Its not recommended that SQL is is put into a VM, especially sitting it on with an exchange server and all those others. SQL likes to take processor and needs IO and thats not going to help.

From what I have been reading on SQL sites today ( a customer is looking to virtualise SQL too) the majority of people are happy to use vmware to virtualise SQL in a test or dev environment but it seems no one wants to own up to using it on a production server. But as yours is a spare then as you say, hopefully it is never going to be needed but when it is and all those apps will be running you will need quite a hefty server, probably 4 x dc processors and about 8-16gb ram and its still recommended that the SQL data disks and logs are separated etc.

I presume this is ESX server we are talking about and not some free software like vmware server or ms virtual server?

Will need 4-8 nics too to handle all the IO I would estimate.

I would suggest 2 machines though personally, 1 for the SQL and maybe file server and then the exchange and app server on the other?

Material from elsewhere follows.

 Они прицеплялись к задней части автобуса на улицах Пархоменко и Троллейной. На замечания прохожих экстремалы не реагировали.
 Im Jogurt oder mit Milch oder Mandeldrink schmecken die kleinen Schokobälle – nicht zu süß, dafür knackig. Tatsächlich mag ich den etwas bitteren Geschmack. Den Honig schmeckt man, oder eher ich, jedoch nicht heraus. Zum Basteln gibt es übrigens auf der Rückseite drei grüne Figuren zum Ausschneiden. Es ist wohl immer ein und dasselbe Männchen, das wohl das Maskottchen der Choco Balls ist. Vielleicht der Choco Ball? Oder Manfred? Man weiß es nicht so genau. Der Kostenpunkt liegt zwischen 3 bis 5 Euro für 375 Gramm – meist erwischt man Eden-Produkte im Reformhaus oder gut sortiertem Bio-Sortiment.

Sorry but I have no idea on dell models, i'm a HP geek

Let me know if you need any more info Mc
 
I have got a full blade system running 40 servers via VMWare (inc an Exchange cluster for 4000 users) with a NetApp SAN on the back of it

virtualisation is the way forward!

NetApp is good stuff. Nice to see someone actually doing things right! (and not hanging it all off the back of a single 500GB SATA drive :rasp:)
 
dave tbh 2 machines wouldnt be a problem tbh i was thinking 2 x quad core 2.66 gig e5345 16gb ram etc etc

yes would be esx
 

dk

  911 GTS Cab
sounds good, tbh, using 2 servers with 2 VM's on each would probably only require 8gb ram.

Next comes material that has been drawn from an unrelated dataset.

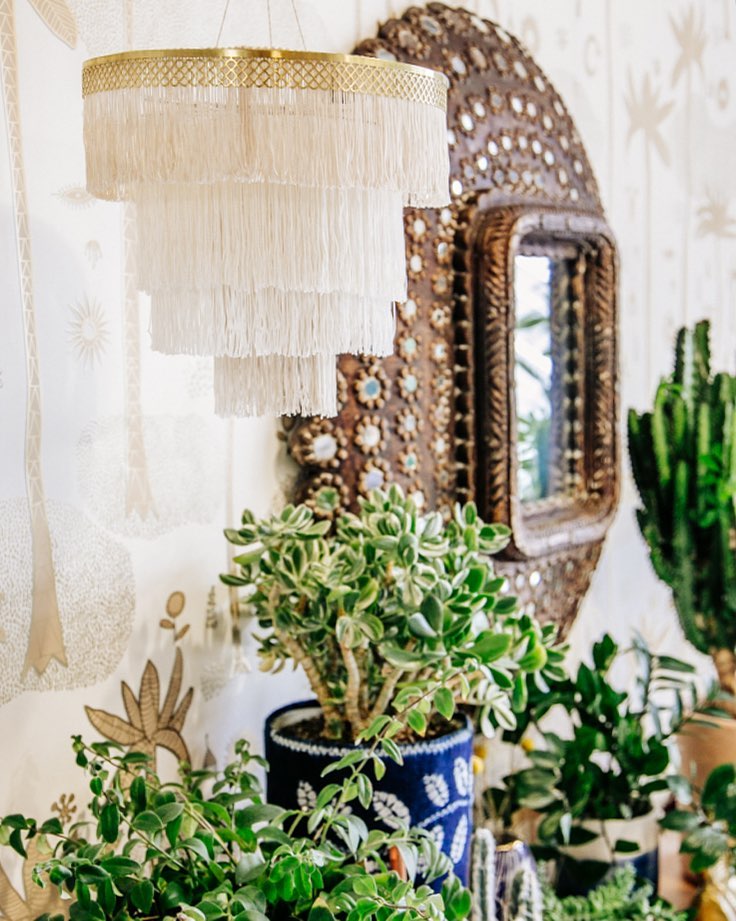 Today on the blog, learn to make this #boho #fringe chandelier inspired by a 1960’s design by #hansagnejakobsson — DIY this pretty statement piece in less than one hour, for under $60! #jungalowstyle #DIY #bohohome #bohodecor (📷 @justinablakeney)
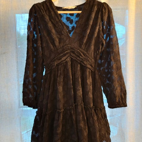 Selger denne nydelige paljettkjolen fra Missmaya med v-hals med knytebelte.

DO you know about the MS licensing rules for VM's, if you buy W2K3 enterprise license you get the rights to install it on 4 VM's on a physical server and if getting datacentre you have unlimted vm rights on a single physical machine.

That would be the only reason to go for 1 server to cut down on licensing costs etc.
 
havent looked at the licensing stuff yet except for the failover stuff we only need one license per bit of software it seems as the other instance isnt actually running unless the other server isnt

16gb ram is only 1.6k so in the grand scheme of stuff its fook all
 

dk

  911 GTS Cab
havent looked at the licensing stuff yet except for the failover stuff we only need one license per bit of software it seems as the other instance isnt actually running unless the other server isnt

16gb ram is only 1.6k so in the grand scheme of stuff its fook all
ah, well this is where it gets complicated and people will give you wrong info etc.

The rules are that all software needs to be licensed, even on DR servers apart from 2 exceptions.

1. You have Software assurance on all the licenses being used i.e. on your windows 2k3 ent. license and all server CALS. In this instance you are allowed to install the software on a COLD start server, i.e. it can be installed but must be turned off except for a few circumstances, but not for warm or hot servers.

The full details can be found here:
http://download.microsoft.com/download/8/7/3/8733d036-92b0-4cb8-8912-3b6ab966b8b2/dr_brief.doc

2. SQL server has special circumstances when licensed by Processor. If licensed by server and CALS then refer to point 1, if using processor licenses, these can be moved between servers so if you have 2 processor licenses on your production server you can run the DR server as a warm server, so have the software installed but not have anyone connecting to the SQL DB and then during failover you can assign those licenses to the DR server, this is the only scenario this counts for.

A good site for licensing rules is

http://www.microsoftvolumelicensing.com/userights

Then choose the revelant product and lots of docs and info can be found in there.

Hope that makes it a bit clearer. So if you have your licenses enrolled in SA you get the cold start as a benefit, if you are doing a warm or hot start or not enrolled in SA you need the licenses for the software, even if you aren't using the server.